Information Block Start
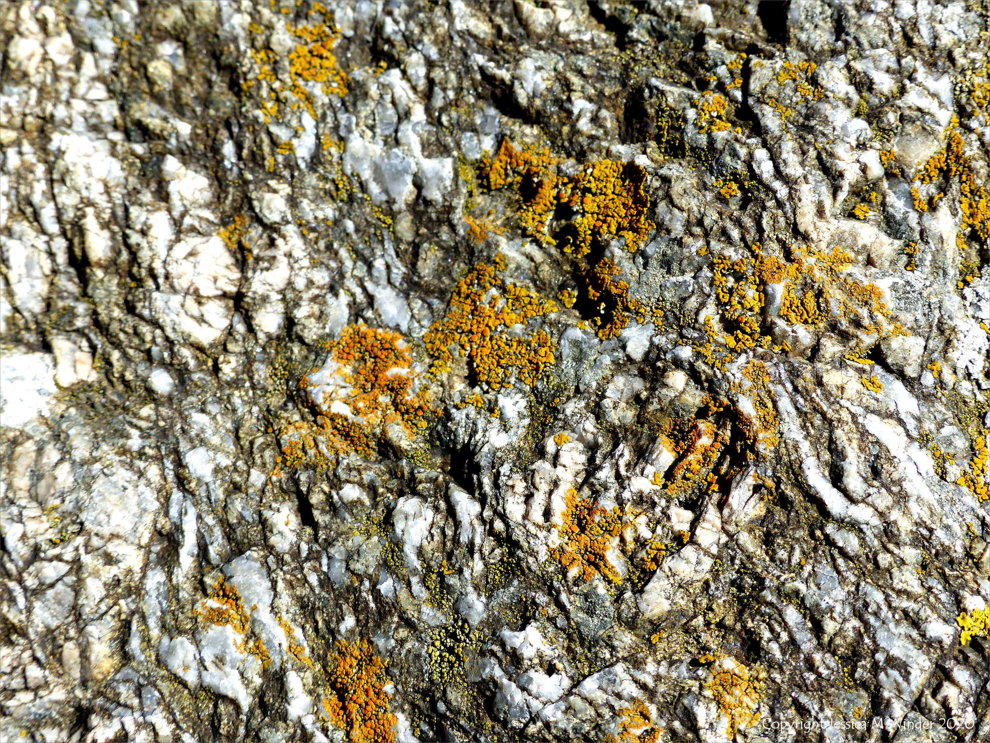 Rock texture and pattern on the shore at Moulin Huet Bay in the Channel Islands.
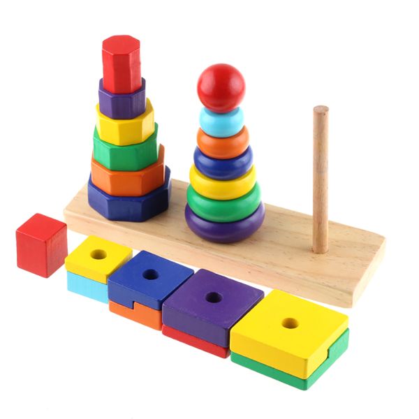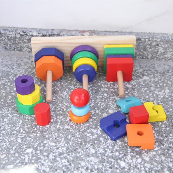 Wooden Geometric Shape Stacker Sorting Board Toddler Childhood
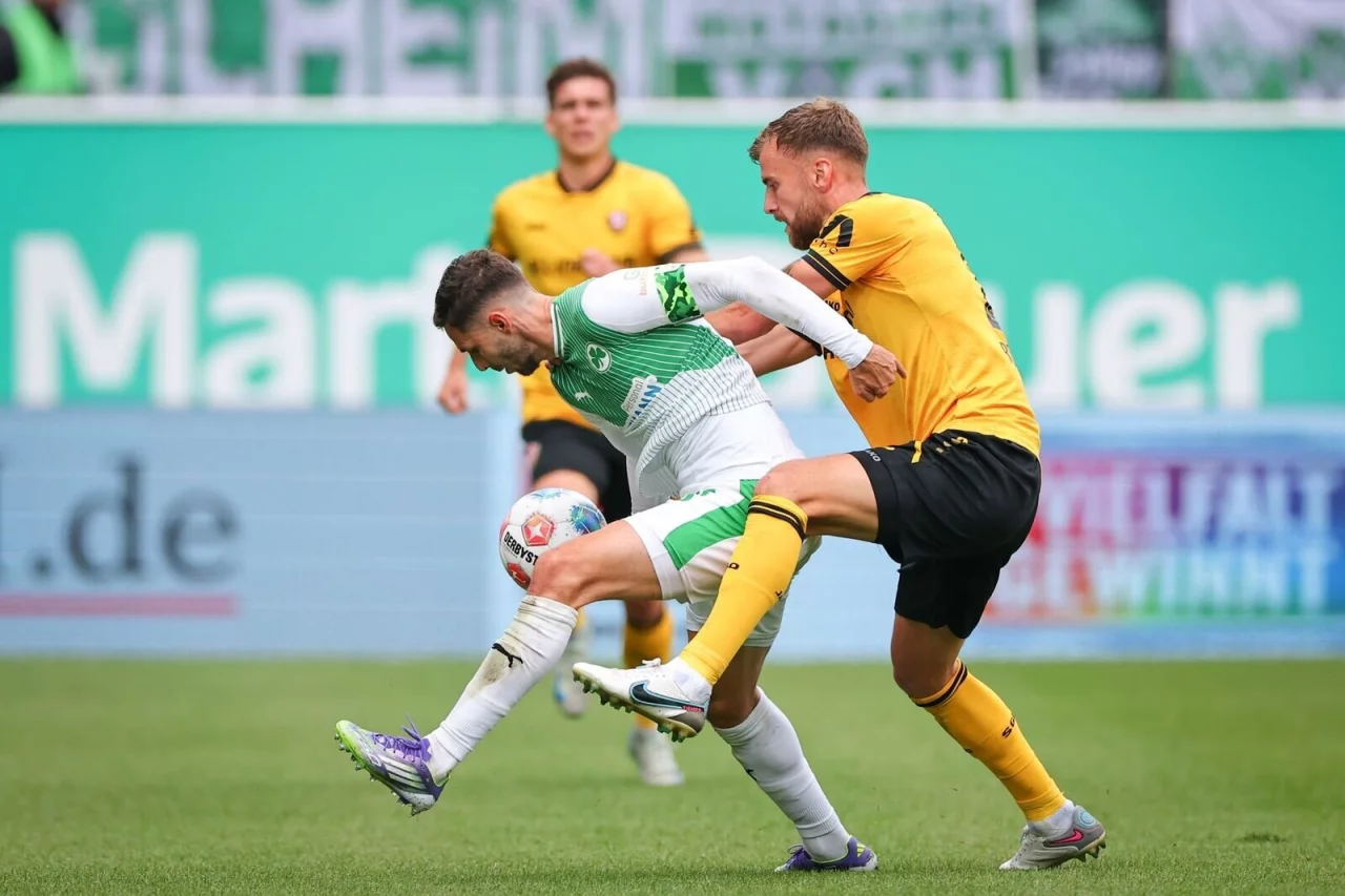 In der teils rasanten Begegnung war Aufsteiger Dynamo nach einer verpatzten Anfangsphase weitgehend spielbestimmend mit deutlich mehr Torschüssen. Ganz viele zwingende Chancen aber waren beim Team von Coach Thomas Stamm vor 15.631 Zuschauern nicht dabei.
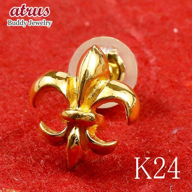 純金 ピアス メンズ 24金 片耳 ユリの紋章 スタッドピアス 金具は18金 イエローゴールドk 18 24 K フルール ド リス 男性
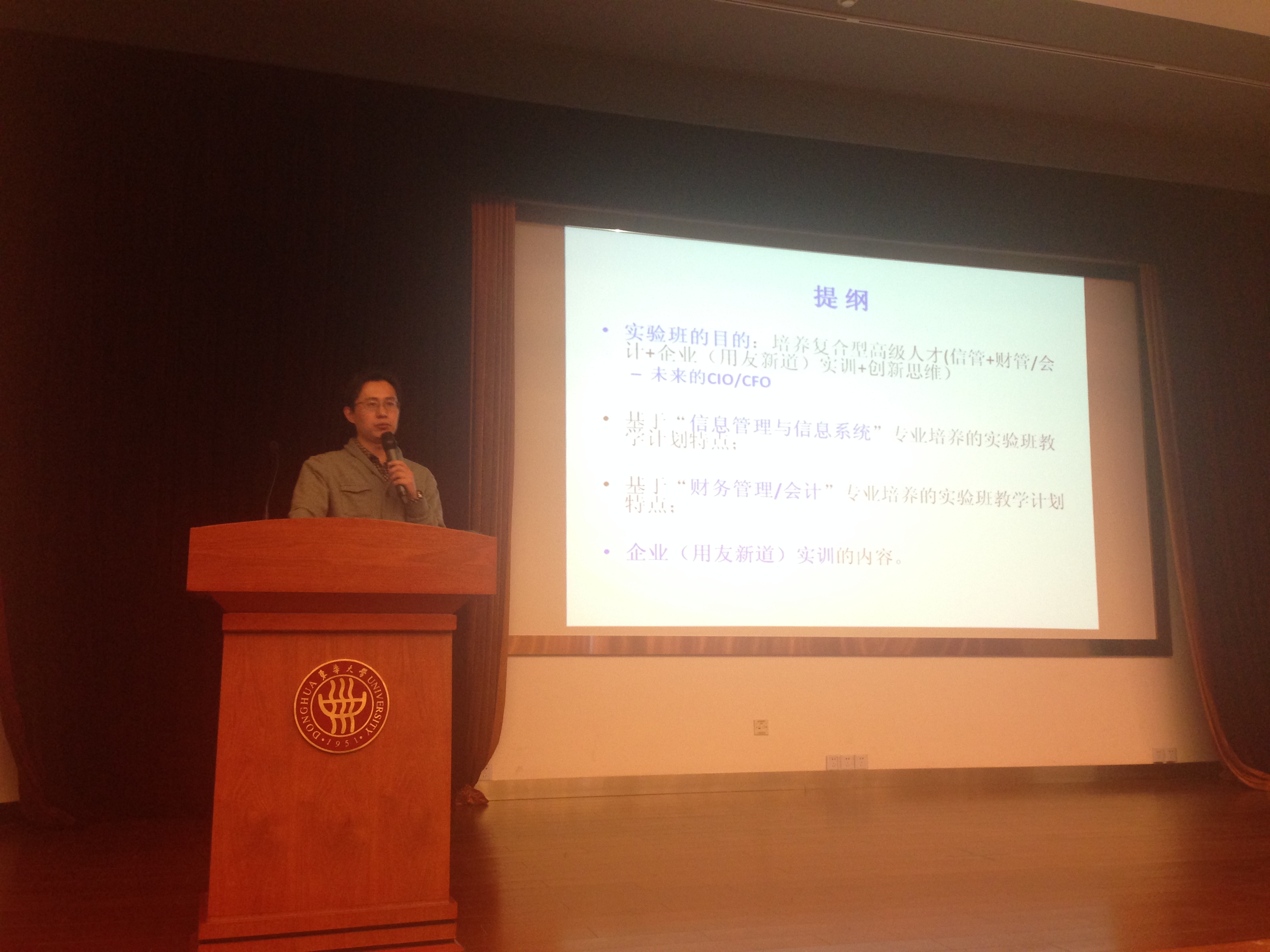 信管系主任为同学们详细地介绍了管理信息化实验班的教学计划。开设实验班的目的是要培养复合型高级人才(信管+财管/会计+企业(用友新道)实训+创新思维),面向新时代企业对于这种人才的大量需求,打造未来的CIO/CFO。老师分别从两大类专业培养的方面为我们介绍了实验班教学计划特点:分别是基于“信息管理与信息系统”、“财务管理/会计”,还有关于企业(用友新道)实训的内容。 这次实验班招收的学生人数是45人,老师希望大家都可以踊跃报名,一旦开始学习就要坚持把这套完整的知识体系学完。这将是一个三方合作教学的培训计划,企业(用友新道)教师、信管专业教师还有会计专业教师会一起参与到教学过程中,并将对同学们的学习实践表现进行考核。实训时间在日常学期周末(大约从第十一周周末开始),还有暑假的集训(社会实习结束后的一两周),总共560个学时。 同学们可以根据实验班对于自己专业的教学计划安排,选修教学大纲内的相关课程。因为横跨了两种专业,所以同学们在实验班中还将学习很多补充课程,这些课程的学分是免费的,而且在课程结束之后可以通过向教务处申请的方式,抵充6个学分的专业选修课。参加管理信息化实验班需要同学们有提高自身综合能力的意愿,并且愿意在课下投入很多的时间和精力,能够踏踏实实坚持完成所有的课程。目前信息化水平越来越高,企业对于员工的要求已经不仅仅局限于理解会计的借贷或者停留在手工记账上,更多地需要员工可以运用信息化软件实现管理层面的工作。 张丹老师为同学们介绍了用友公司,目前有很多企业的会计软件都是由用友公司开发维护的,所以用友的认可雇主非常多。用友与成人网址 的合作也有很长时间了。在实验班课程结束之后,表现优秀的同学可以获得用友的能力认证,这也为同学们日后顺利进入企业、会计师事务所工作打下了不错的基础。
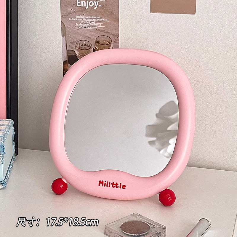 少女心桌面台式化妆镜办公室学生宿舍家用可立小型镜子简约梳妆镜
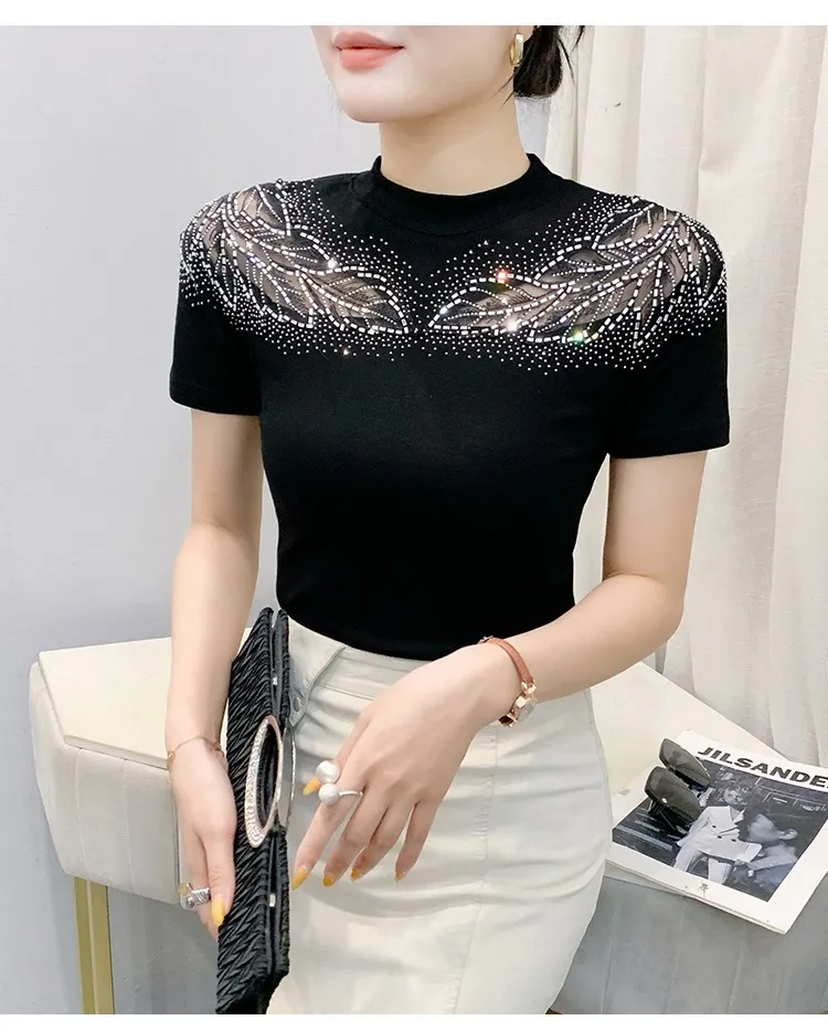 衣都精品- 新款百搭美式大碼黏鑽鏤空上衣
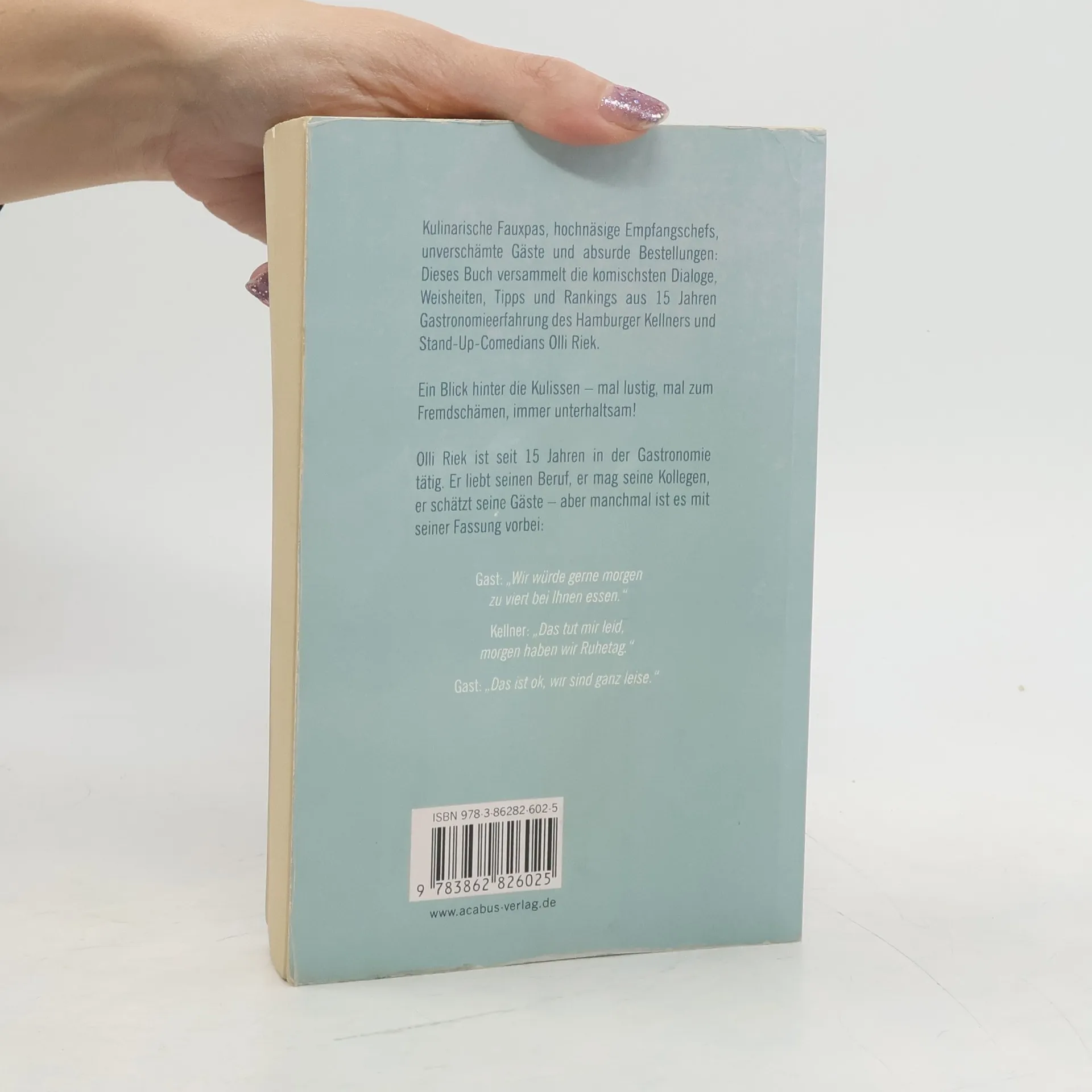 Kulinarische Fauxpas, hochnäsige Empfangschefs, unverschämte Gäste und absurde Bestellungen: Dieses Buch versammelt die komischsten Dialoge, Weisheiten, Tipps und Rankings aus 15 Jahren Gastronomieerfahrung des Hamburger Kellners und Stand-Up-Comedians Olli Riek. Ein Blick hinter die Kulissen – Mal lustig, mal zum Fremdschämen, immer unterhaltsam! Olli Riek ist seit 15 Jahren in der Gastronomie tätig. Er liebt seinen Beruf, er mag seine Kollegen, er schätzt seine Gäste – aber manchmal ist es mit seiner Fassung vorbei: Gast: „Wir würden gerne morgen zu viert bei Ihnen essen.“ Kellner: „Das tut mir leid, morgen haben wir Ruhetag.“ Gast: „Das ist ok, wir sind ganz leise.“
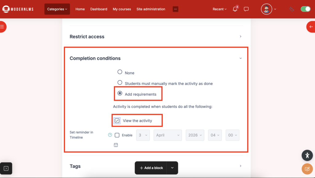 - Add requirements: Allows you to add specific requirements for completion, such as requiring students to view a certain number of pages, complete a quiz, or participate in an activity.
Information Block End
▶ _Work instruction_
Return the records verbatim, minus pictures.

▶ _Answer for this exercise_
 Rock texture and pattern on the shore at Moulin Huet Bay in the Channel Islands.
 Wooden Geometric Shape Stacker Sorting Board Toddler Childhood
 In der teils rasanten Begegnung war Aufsteiger Dynamo nach einer verpatzten Anfangsphase weitgehend spielbestimmend mit deutlich mehr Torschüssen. Ganz viele zwingende Chancen aber waren beim Team von Coach Thomas Stamm vor 15.631 Zuschauern nicht dabei.
 純金 ピアス メンズ 24金 片耳 ユリの紋章 スタッドピアス 金具は18金 イエローゴールドk 18 24 K フルール ド リス 男性
 信管系主任为同学们详细地介绍了管理信息化实验班的教学计划。开设实验班的目的是要培养复合型高级人才(信管+财管/会计+企业(用友新道)实训+创新思维),面向新时代企业对于这种人才的大量需求,打造未来的CIO/CFO。老师分别从两大类专业培养的方面为我们介绍了实验班教学计划特点:分别是基于“信息管理与信息系统”、“财务管理/会计”,还有关于企业(用友新道)实训的内容。 这次实验班招收的学生人数是45人,老师希望大家都可以踊跃报名,一旦开始学习就要坚持把这套完整的知识体系学完。这将是一个三方合作教学的培训计划,企业(用友新道)教师、信管专业教师还有会计专业教师会一起参与到教学过程中,并将对同学们的学习实践表现进行考核。实训时间在日常学期周末(大约从第十一周周末开始),还有暑假的集训(社会实习结束后的一两周),总共560个学时。 同学们可以根据实验班对于自己专业的教学计划安排,选修教学大纲内的相关课程。因为横跨了两种专业,所以同学们在实验班中还将学习很多补充课程,这些课程的学分是免费的,而且在课程结束之后可以通过向教务处申请的方式,抵充6个学分的专业选修课。参加管理信息化实验班需要同学们有提高自身综合能力的意愿,并且愿意在课下投入很多的时间和精力,能够踏踏实实坚持完成所有的课程。目前信息化水平越来越高,企业对于员工的要求已经不仅仅局限于理解会计的借贷或者停留在手工记账上,更多地需要员工可以运用信息化软件实现管理层面的工作。 张丹老师为同学们介绍了用友公司,目前有很多企业的会计软件都是由用友公司开发维护的,所以用友的认可雇主非常多。用友与成人网址 的合作也有很长时间了。在实验班课程结束之后,表现优秀的同学可以获得用友的能力认证,这也为同学们日后顺利进入企业、会计师事务所工作打下了不错的基础。
 少女心桌面台式化妆镜办公室学生宿舍家用可立小型镜子简约梳妆镜
 衣都精品- 新款百搭美式大碼黏鑽鏤空上衣
 Kulinarische Fauxpas, hochnäsige Empfangschefs, unverschämte Gäste und absurde Bestellungen: Dieses Buch versammelt die komischsten Dialoge, Weisheiten, Tipps und Rankings aus 15 Jahren Gastronomieerfahrung des Hamburger Kellners und Stand-Up-Comedians Olli Riek. Ein Blick hinter die Kulissen – Mal lustig, mal zum Fremdschämen, immer unterhaltsam! Olli Riek ist seit 15 Jahren in der Gastronomie tätig. Er liebt seinen Beruf, er mag seine Kollegen, er schätzt seine Gäste – aber manchmal ist es mit seiner Fassung vorbei: Gast: „Wir würden gerne morgen zu viert bei Ihnen essen.“ Kellner: „Das tut mir leid, morgen haben wir Ruhetag.“ Gast: „Das ist ok, wir sind ganz leise.“
 - Add requirements: Allows you to add specific requirements for completion, such as requiring students to view a certain number of pages, complete a quiz, or participate in an activity.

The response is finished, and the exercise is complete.